Clues About Who Will Get Long COVID
(Inside Science) -- A significant proportion of people who contract COVID-19 -- around one-third, according to most estimates -- will go on to experience symptoms that can linger for months. Little is known about this post-acute COVID-19 syndrome (PACS), more commonly known as “long COVID,” but one group of researchers has discovered a simple blood test that, when combined with other factors, could help to predict who is most at risk.
Long COVID is defined as any symptom that lasts for more than four weeks after a confirmed infection. It can vary widely, but some of the most common lasting symptoms are pain, fatigue, problems with memory and concentration, difficulty breathing, and a persistent cough. A variety of explanations have been suggested, including a lingering infection, a deconditioning of respiratory muscles, and immune dysfunction, but the cause remains unknown. And while long COVID mostly seems to affect people who had a more severe initial infection, those who had only mild cases can also experience extended symptoms.
Onur Boyman, an immunologist at the University of Zurich in Switzerland, and his colleagues are one of the many teams around the world trying to get to the bottom of this mystery. “We want to know who will be affected, and why,” he said.
Having reliable biomarkers that can help predict the risk of long COVID would be very useful said Manali Mukherjee, who studies lung disease at McMaster University in Hamilton, Canada, and who has been struggling with long COVID herself for more than a year. Even though no specific treatments exist, biomarkers could help doctors understand the disease better and offer patients more answers. “There are lots of people with long symptoms and the medical community has no answers for them,” she said. “That confusion leads to massive social impact in terms of anxiety and mistrust of medicine.”
Boyman’s team followed a group of more than 100 COVID-19 patients for a year, to track who went on to have long-lasting symptoms. They found that people with long COVID were generally older, had a more severe initial infection, showed five or more symptoms during their initial infection, were more likely to have been hospitalized, and were more likely to have a history of lung disease, particularly asthma -- all similar to other studies of the syndrome. But they also looked at antibody levels in the patients’ blood and found that two particular kinds of antibodies -- known as IgM and IgG3 -- also seemed to be involved. People with lower levels of these subsets of antibodies after their initial COVID-19 infection were at higher risk of developing long COVID.
When the antibody data was combined with the other factors the team identified, they were able to predict who would go on to have long COVID with about 63% accuracy in another group of almost 400 patients. Among hospitalized patients it was even more effective, rising to more than 90% accuracy. “It appears to be a very useful score for predicting PACS, particularly in those who were hospitalized,” said Boyman. The work was published today in the journal Nature Communications.

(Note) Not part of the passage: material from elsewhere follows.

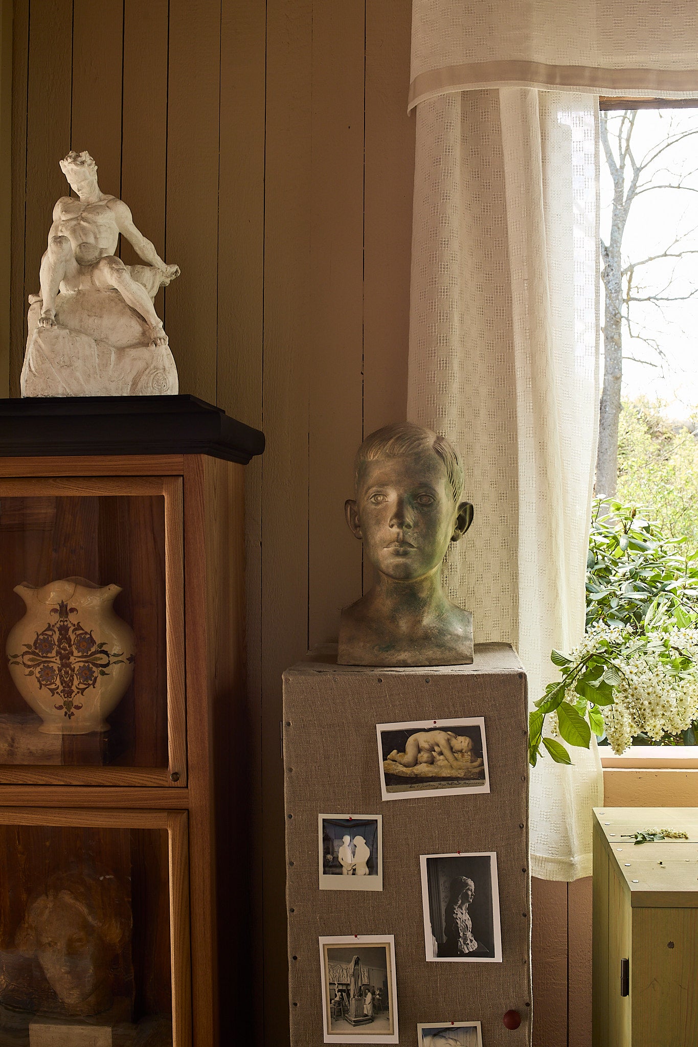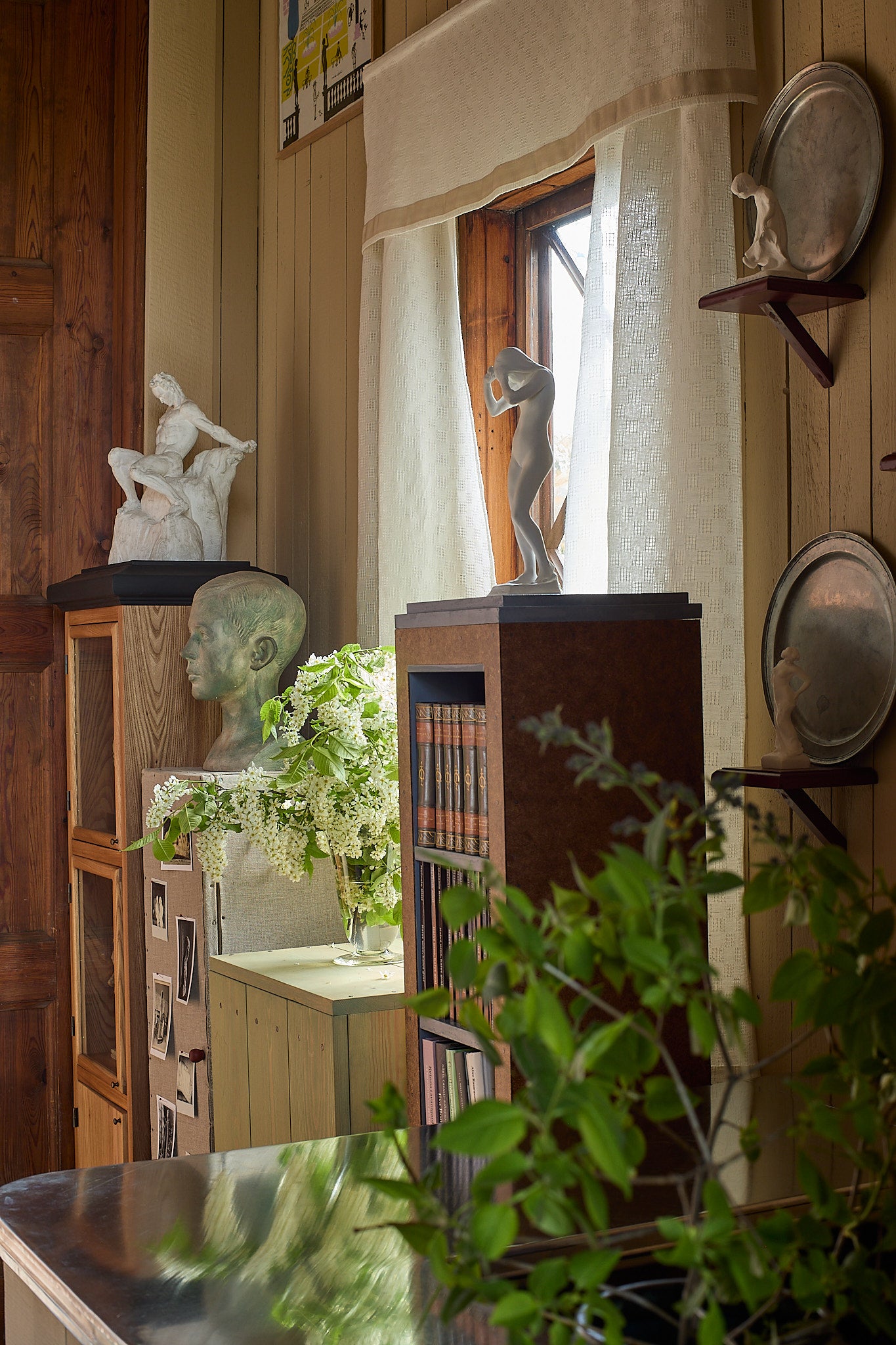 The Stora Ateljén (Large Studio) facing west benefits from golden sunsets during light filled Swedish summers, where the sun only sets for a few hours each night. The pedestals in this room inspired our plinths in the shop. August Strindberg, the father of Swedish modern literature, reigns on the highest one. Eldh returned to his friend and subject again and again, sometimes in gargantuan God like scale. To the left of him is arguably Eldh's most famous piece 'Youth'; two young lovers hands clasped in an eternal clinch.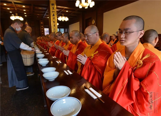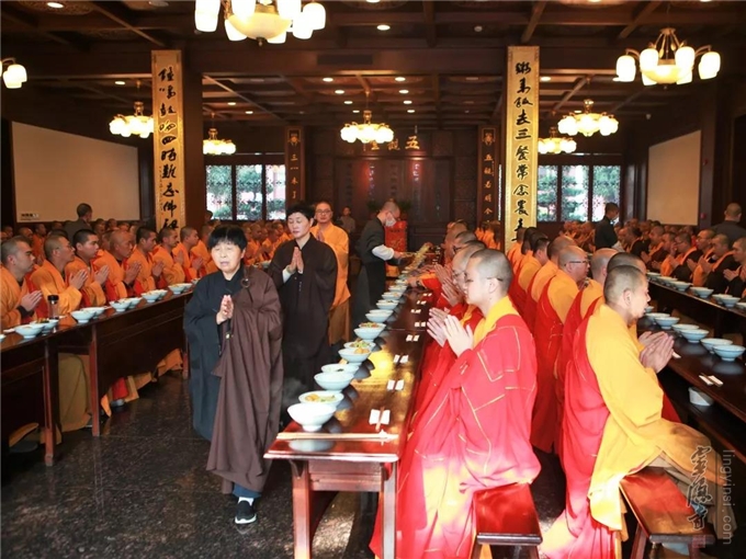 僧众有序前往灵隐寺斋堂,应供食斋。上堂大斋是寺院非常隆重的佛事之一。所谓上堂,即恭请和尚在堂上为大众说法,并供斋一堂。请法师上堂说法,是佛教供养中最为隆重的供僧植福方式之一。

Konstantinos Tselios, a rheumatologist at McMaster who is working with Mukherjee on research into long COVID, says it makes sense that those particular kinds of antibodies would be involved. Other studies have shown that COVID-19 patients with higher levels of IgG3 have lower levels of the virus and less severe disease, for example. And while IgM and IgG3 make up just 12% of the pool of antibodies in the body, they are responsible for 80% of our defense against the virus that causes COVID-19, known as SARS-CoV-2. “These antibodies seem to be really significant,” he said. “If you don’t have enough of them not only will you have a worse case of COVID, but also a higher risk of long COVID.”
The fact that these antibodies can be measured with a simple blood test that is widely available would make them a highly useful biomarker, Tselios added. But both he and Mukherjee want to see the research confirmed with larger and more diverse groups of patients before it is put into clinical practice. Tselios would also like to see a clearer cutoff in how a low level of the antibodies is defined, while Mukherjee wants to know more about the mechanism that links antibody levels to long COVID.
Boyman said he and his colleagues have already started using the biomarkers with their own patients to help predict their risk of long COVID, or to see if those who already have it also have the antibody signature. And they have created a website with a calculator in which doctors can enter a patient’s information, and it will give a risk prediction based on the team’s model. “These are estimates, that don’t replace clinicians’ own judgement,” he said. “But it is good to have a guide to the risk.”